Some more comments about the palace and Avaris:
The statue in the palace has a throw stick on the shoulder.
“The statue represents an official, seated and with a Throw stick held at the left shoulder.”
https://www.ancientworldmagazine.com/ar … l-el-daba/
Though the throw stick most likely represents power and authority, in ancient Egypt, throw sticks also represented hunters or foreigners, which Joseph definitely could identify as a foreigner with authority and power.

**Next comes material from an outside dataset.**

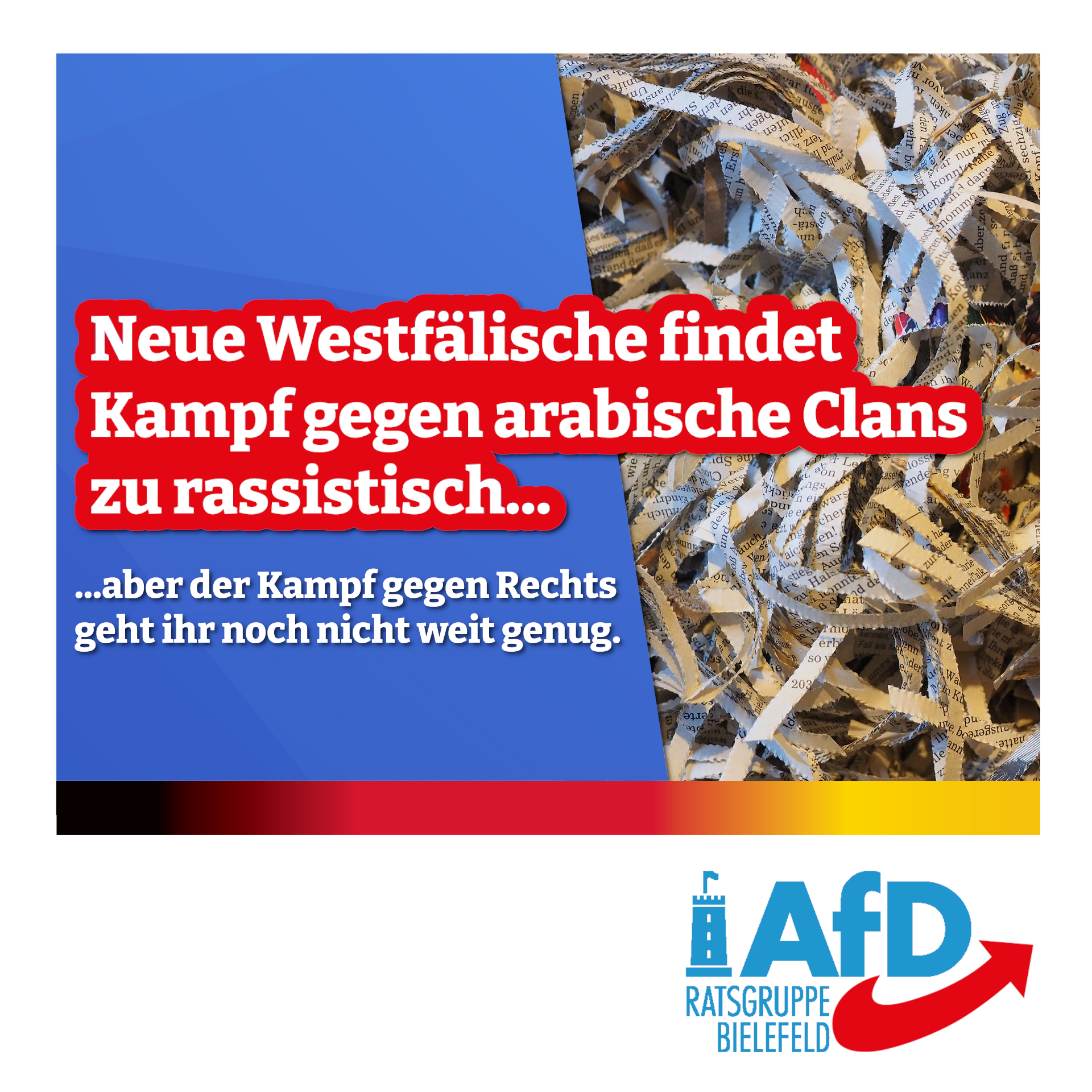 2020 wurde bekannt: Bielefeld steht in OWL auf Platz 2 in Sachen Clan-Kriminalität. Zwar kann die Leineweberstadt noch nicht mit Hochburgen wie Essen, Gelsenkirchen oder Recklinghausen mithalten, aber auch hier machen sich Mitglieder krimineller Großfamilien breit.Innenminister Herbert Reul (CDU) setzt dabei auf medienwirksame Razzien. Tituliert wird die vorgebliche Strategie als „Politik der tausend Nadelstiche“. Der sich zu 100 Prozent im Besitz der SPD-Medienholding befindenden Tageszeitung „Neue Westfälische“ (NW) ist der Kampf gegen kriminelle Clan-Strukturen offenbar zu „rassistisch“. In der Ausgabe vom 8. Juli schreibt NW-Redakteur Florian Pfitzner, der auch häufiger durch seine (gern als Berichte getarnten) Anti-AfD-Kommentare auffällt, in Bezug auf Reul: „Fragwürdig sind gewiss seine öffentlichkeitswirksamen Razzien in Cafés und Shisha-Bars, die gesamte Menschengruppen an den Pranger stellen.“Für Dr. Florian Sander, Vorsitzender AfD-Ratsgruppe Bielefeld, ist das reine Doppelmoral: „Im Falle öffentlichkeitswirksamer Reichsbürger-Razzien, bei denen gefühlt jedes Kamerateam der Republik anwesend war, fand es die NW nie ‚fragwürdig‘, diese im Nachhinein immer wieder in einen Zusammenhang mit der AfD zu rücken. Im Gegenteil: Sie beteiligt sich eifrig daran, die AfD und ihre Wählerschaft unter den Generalverdacht des Extremismus zu stellen. Bei libanesischen und syrischen Clans hingegen drückt die SPD-Presse aber offensichtlich gerne mal ein Auge zu – da ist sie dann ganz schnell, mit dem obligatorischen Warnen vor Rassismus und Generalverdacht.“AfD-Ratsherr Maximilian Kneller fordert: „Innenminister Reuls Maßnahmen sind vielmehr als zu lasch zu beurteilen. Immer noch treiben tausende Clan-Mitglieder in NRW ihr Unwesen. Dutzende davon in Bielefeld. Angehörige krimineller Großfamilien müssen sofort abgeschoben und deutsche Staatsangehörigkeiten gegebenenfalls konsequent entzogen werden. Unerwünschte Migration nach Deutschland gehört unterbunden. Nur so kann Clan-Kriminalität effektiv bekämpft werden und NRW seine Stadtteile zurückerobern.“

“It is used on the palettes both as a throwing-stick weapon in the animal hunt being portrayed-(the Hunters Palette), as well as on certain palettes, as a determinative referring to a “foreigner”, or “foreign territory”.
As evidenced with his colorful tunic and extravagant hairdo, Joseph was most likely quite a fashionista. As a matter of fact, the Bible describes him as such an attractive man that women lusted to have sex with him.
Gen 39:6-7 (2001)
Well, JoSeph was extremely attractive… he had an excellent body and a very handsome face. And so, after he had been [put in charge of the house], his master’s woman eyed JoSeph and said: ‘[Have sex] with me.’
The name “Avaris” could also be named after Joseph.
The word “Avaris” means nothing in Egyptian. But, in the Torah, Joseph is repeatedly called a “Hebrew”; “Ivri” in the Hebrew language. He is also repeatedly and curiously called “Ha Ish”; “The Man”. In other words, the word “Avaris” may very well be related to Joseph, the “Ish Ivri”, or the “Hebrew Man” (Genesis 39:14). All this is lost in translation when Joseph is simply called a “Hebrew”. Put differently, the so-called Hyksos capital seems to be named after Joseph the “Ish Ivri” i.e., Avar-Ish.
Gen 39:14 (KJV)
That she called unto the men of her house, and spoke unto them, saying, See, he hath brought in a Hebrew (“Ish Ivri”) unto us to mock us; he came in unto me to lie with me, and I cried with a loud voice
Even though tombs were in the palace, no skeletal remains are found in the tombs.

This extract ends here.